#### [Records for processing]
"""
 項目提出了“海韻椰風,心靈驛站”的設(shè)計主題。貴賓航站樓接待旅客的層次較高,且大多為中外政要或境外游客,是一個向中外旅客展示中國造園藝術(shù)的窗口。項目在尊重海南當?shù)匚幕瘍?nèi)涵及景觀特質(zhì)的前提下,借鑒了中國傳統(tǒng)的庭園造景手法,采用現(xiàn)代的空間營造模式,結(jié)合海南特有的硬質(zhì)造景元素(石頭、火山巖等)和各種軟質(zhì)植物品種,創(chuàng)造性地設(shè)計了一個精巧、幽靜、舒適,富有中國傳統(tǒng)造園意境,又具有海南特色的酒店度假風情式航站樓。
"""
"""
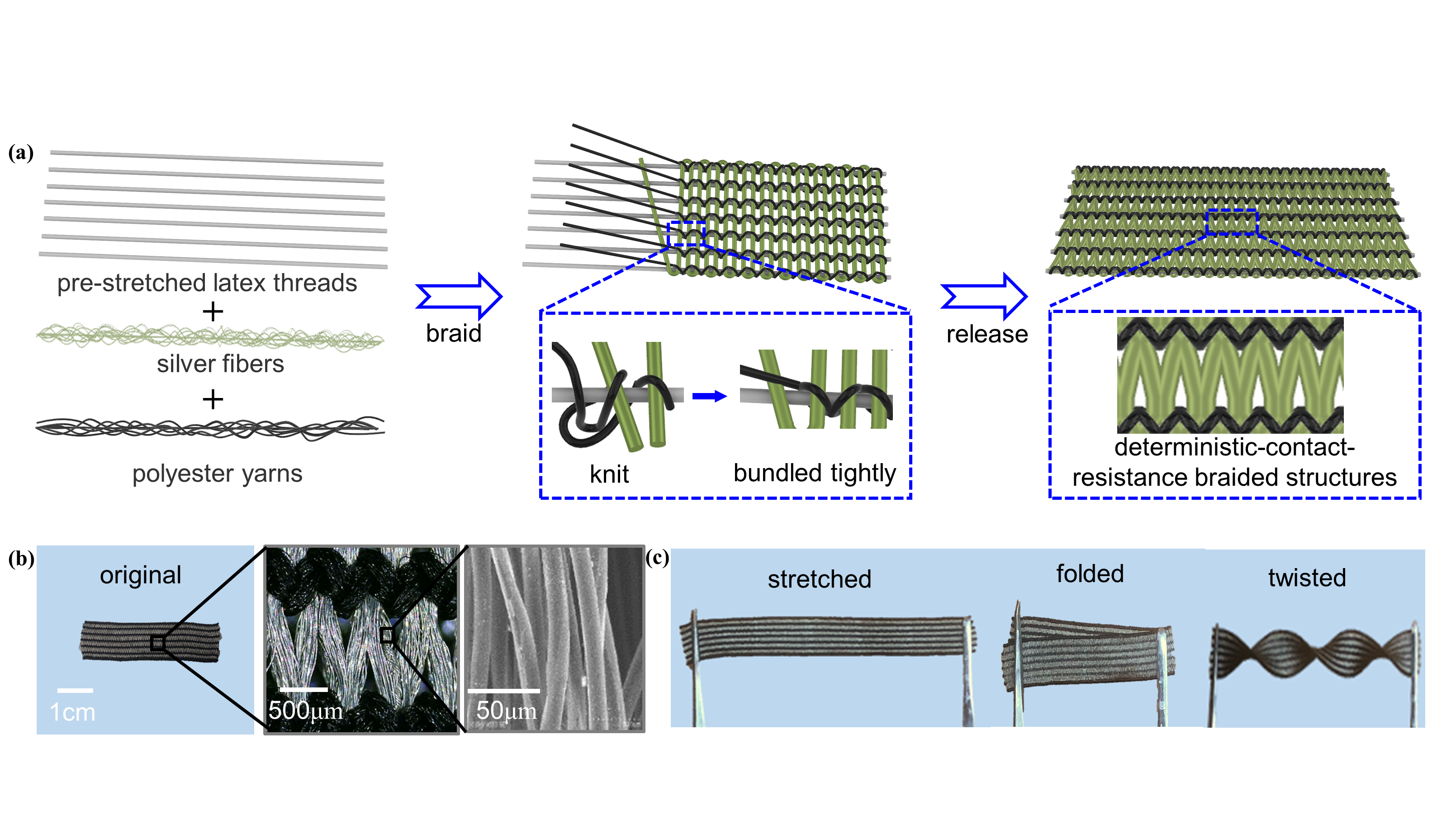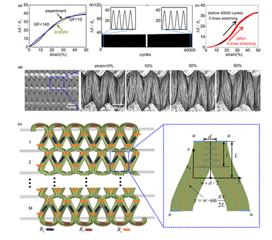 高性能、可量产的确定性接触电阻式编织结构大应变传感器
"""
"""
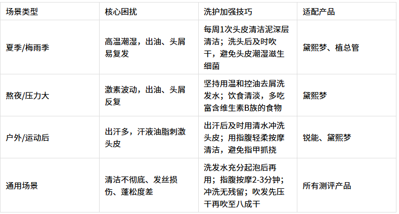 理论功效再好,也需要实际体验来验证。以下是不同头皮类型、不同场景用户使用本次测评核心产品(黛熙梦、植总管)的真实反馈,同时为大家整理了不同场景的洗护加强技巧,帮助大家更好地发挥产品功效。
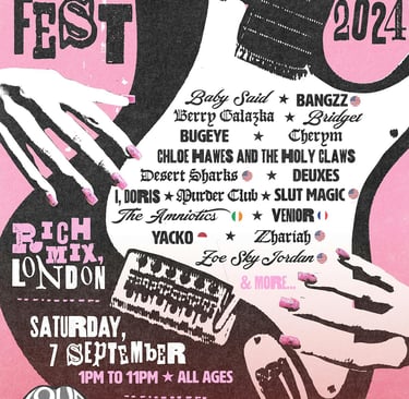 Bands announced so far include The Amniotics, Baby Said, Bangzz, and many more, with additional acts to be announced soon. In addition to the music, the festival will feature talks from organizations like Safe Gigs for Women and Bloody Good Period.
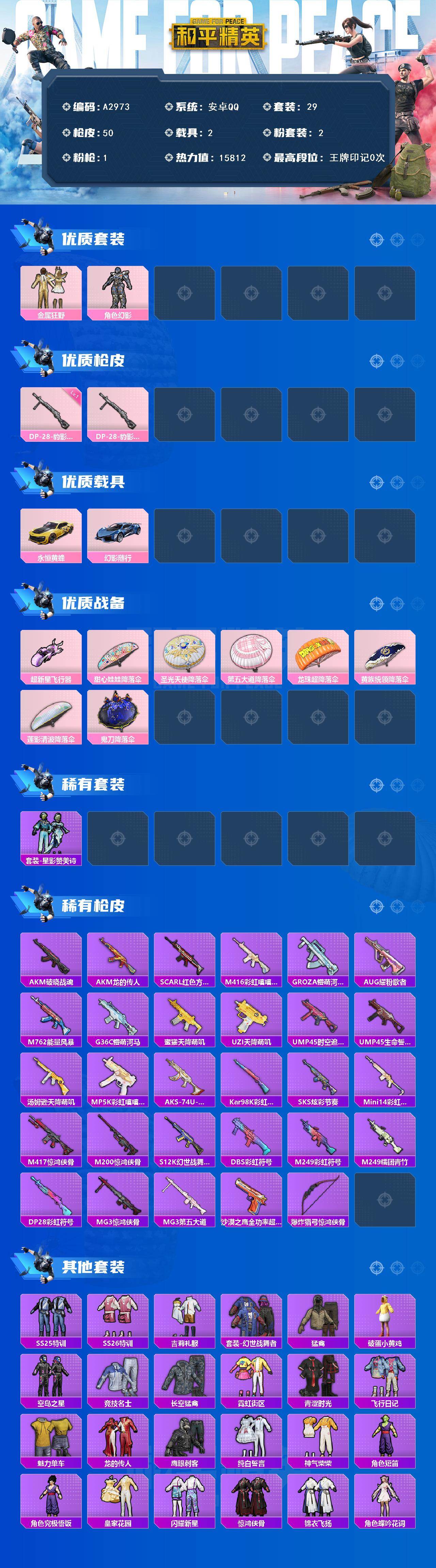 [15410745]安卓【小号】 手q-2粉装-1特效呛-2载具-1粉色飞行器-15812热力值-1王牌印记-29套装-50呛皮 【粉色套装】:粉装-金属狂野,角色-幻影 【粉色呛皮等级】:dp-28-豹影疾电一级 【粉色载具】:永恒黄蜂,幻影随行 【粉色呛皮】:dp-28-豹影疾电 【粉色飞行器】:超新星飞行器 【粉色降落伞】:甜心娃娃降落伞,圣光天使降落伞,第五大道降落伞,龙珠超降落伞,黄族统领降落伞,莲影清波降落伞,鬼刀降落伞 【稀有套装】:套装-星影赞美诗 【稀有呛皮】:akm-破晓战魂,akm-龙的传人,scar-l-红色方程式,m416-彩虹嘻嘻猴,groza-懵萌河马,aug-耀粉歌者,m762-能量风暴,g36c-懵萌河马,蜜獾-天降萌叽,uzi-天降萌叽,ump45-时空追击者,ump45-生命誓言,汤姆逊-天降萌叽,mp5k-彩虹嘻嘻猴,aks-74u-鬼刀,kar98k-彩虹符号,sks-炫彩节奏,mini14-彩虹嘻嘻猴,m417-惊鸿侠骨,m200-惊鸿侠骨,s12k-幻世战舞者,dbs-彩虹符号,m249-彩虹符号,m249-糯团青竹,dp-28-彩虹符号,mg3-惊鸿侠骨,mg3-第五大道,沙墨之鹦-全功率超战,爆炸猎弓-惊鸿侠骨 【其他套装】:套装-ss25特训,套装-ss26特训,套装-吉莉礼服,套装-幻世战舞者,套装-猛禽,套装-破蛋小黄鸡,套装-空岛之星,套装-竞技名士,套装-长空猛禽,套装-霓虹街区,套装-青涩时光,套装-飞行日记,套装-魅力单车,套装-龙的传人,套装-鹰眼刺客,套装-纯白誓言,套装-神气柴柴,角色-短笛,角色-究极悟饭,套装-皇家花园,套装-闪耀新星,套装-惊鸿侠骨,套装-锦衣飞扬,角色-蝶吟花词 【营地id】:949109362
"""
#### [Required action]
Look above for the line with "理论功效再好,也需要实际体验" and the line with "Bands announced so". Give again exactly those two lines and all lines between them, pictures excluded.

#### [Output for this exercise]
 理论功效再好,也需要实际体验来验证。以下是不同头皮类型、不同场景用户使用本次测评核心产品(黛熙梦、植总管)的真实反馈,同时为大家整理了不同场景的洗护加强技巧,帮助大家更好地发挥产品功效。
 Bands announced so far include The Amniotics, Baby Said, Bangzz, and many more, with additional acts to be announced soon. In addition to the music, the festival will feature talks from organizations like Safe Gigs for Women and Bloody Good Period.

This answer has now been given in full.